Japanese exporters have warned the economy is slowing down in the wake of a sharp drop in global demand and an oversupply of dollars.

Japan’s economy shrank by 0.3 per cent in the March quarter to 3.45tn yen, the worst annual drop since the financial crisis.

The country has been in recession since 2012 and has struggled to recover from the fallout from a nuclear disaster in 2011.

Japan has been relying heavily on dollars to keep its export-driven economy afloat.

Its currency has dropped in value by around 25 per cent against the US dollar, and some economists say the yen is overvalued.

The yen is also weaker than other currencies, which have been falling in value against the dollar.

It is unclear whether the Japanese economy will be able to recover quickly enough to meet the needs of exporters.

In a recent survey of 500 Japanese companies by Kyodo, only 12 said they expected the economy to grow by 3 per cent this year, according to data compiled by Bloomberg.

A number of other companies, including auto makers Toyota and Honda, have warned they may have to cut production and shift some of their investment abroad to cope with a stronger yen.

“We may have some tough times ahead,” said Yoshihiro Takahashi, a Japanese car maker.

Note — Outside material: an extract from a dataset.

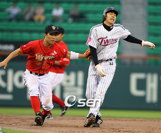 또 LG가 결정적일 때 SK의 벽을 넘지 못했다. 지난 24일 대역전패(5-13)로 상대 전적은 3승 10패가 돼버렸다. 어느덧 SK전 5연패다. 더 큰 난관은 아직도 SK전 맞대결이 5경기나 남아있다는 사실이다. 만약 LG가 4강 진입에 실패한다면 SK전을 망쳐서라 해도 과언이 아니다. LG의 SK전 약세는 두산전(7승 9패 1무)의 그것과도 맥을 같이 한다. 득점 응집력이나 불펜 등 확연히 드러나는 사실 외에 이 두 팀이 LG를 '호구'잡은 이유는 약점을 사정없이 할퀴어대기 때문이다. 바로 LG의 외야다. 좌익수 박용택-중견수 이대형-우익수 발데스로 구성된 LG 외야진은 거의 치명적이라 할 정도로 어깨가 약하다. 그리고 SK와 두산 타자들은 이 틈을 후벼 파고 있는 것이다. 두 팀은 자신들의 발과 LG 외야진의 '유리 어깨'란 2중의 조건을 십분 활용, 안타를 2루타로 만들어버리고 있다. 또 주자 2루에 두고, 단타는 무조건 득점이다. LG가 3-0 리드를 잡고도 대패로 끝난 24일 SK전은 그 본보기나 다름없었다. 반면 두산 민병헌이나 SK 김강민은 폭넓은 수비 범위와 송구 능력을 겸비하고 있다. 나머지 외야수들의 수비 능력도 최소한 LG 발데스보단 낫다. 또 LG의 팀 도루가 많지만 사실상 이대형(46도루) 한 명에게 쏠려있다. 나머지 선수들은 기동력 야구가 거의 안 되는 팀이다. 이는 LG가 올 시즌 KIA(11승 4패)나 현대(10승 6패 1무)에 유독 강했던 이유와도 부합한다. 두 팀은 기동력 야구가 가장 안 되는 팀이었다. LG 외야진의 약점을 후벼 팔 자원이 없었던 것이다. LG의 더 큰 고민은 이를 알아도 대체할 수 없는 점일 것이다. 박용택-이대형-발데스 없는 타순을 상상하기는 힘들다. 그러나 이 조합으로 SK, 두산의 발을 묶으려면 투수가 안타를 맞지 않기를 바라는 수밖에 없다. sgoi@osen.co.kr LG-SK전.

Toyota is expected to shed about 4,500 workers by the end of next year and raise prices on its new Prius plug-in hybrid vehicles to keep up with inflation.

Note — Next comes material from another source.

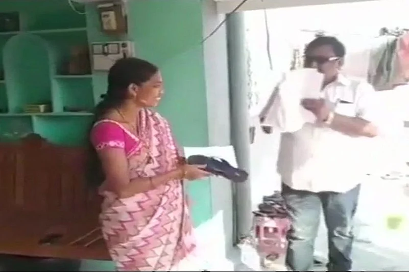 Akula Hanumanth, an Independent candidate from Koratla, Telangana handed out slippers to voters, asking them to hit him if he fails to deliver on promises if he is elected.

As the economy weakens, exporters are also being squeezed by higher tariffs on imported goods and the inability to import foreign products.

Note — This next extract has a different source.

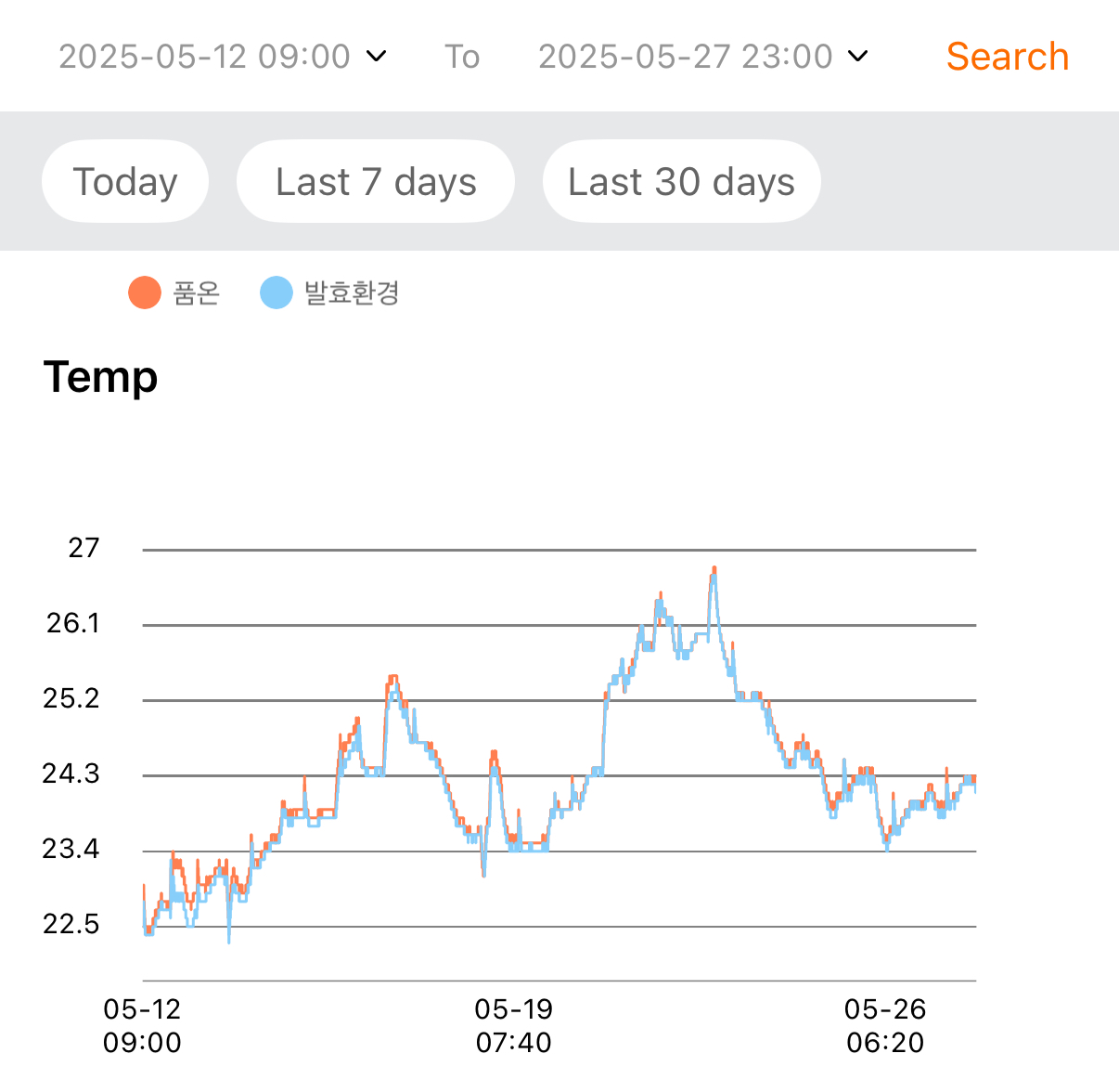 품온 28.0℃, 발효공간 23.2℃

There are signs that exports are slowing in other regions, too.

A Japanese-led international trade body has said Japan’s economy could shrink by another 10 per cent to 20 per cent next year, down from around 20 per on average during the current economic boom.

For Japan, the outlook is more bleak because of a rising number of expats who have fled to neighbouring countries.

According to the government’s figures, more than 3.3m people are currently living overseas, up from about 2.6m a year ago.

That’s about 30 per cent of the country’s total population, the government said in a survey released last month.

Last year, Japan exported $4.2 trillion worth of goods to other countries.

That compares with $2.6 trillion in 2016.

About a third of Japan’s exports go to countries that have not adopted a currency union, which would effectively eliminate the yen as a foreign currency.

Japanese Prime Minister Shinzo Abe said he would seek a “grand bargain” with his European allies to ease the fiscal burden on the country.

He has also pledged to reform Japan’s health system to boost productivity and cut its reliance on pharmaceuticals and medical devices.

On Thursday, the Reserve Bank of Japan cut its forecast for Japan’s gross domestic product growth for the current quarter to 1.4 per cent from 2 per cent.

(Reuters) Japan was already the world’s second-largest economy in 2016 and it is forecast to grow more than 5 per cent by 2020, its strongest performance since the crisis, according the government.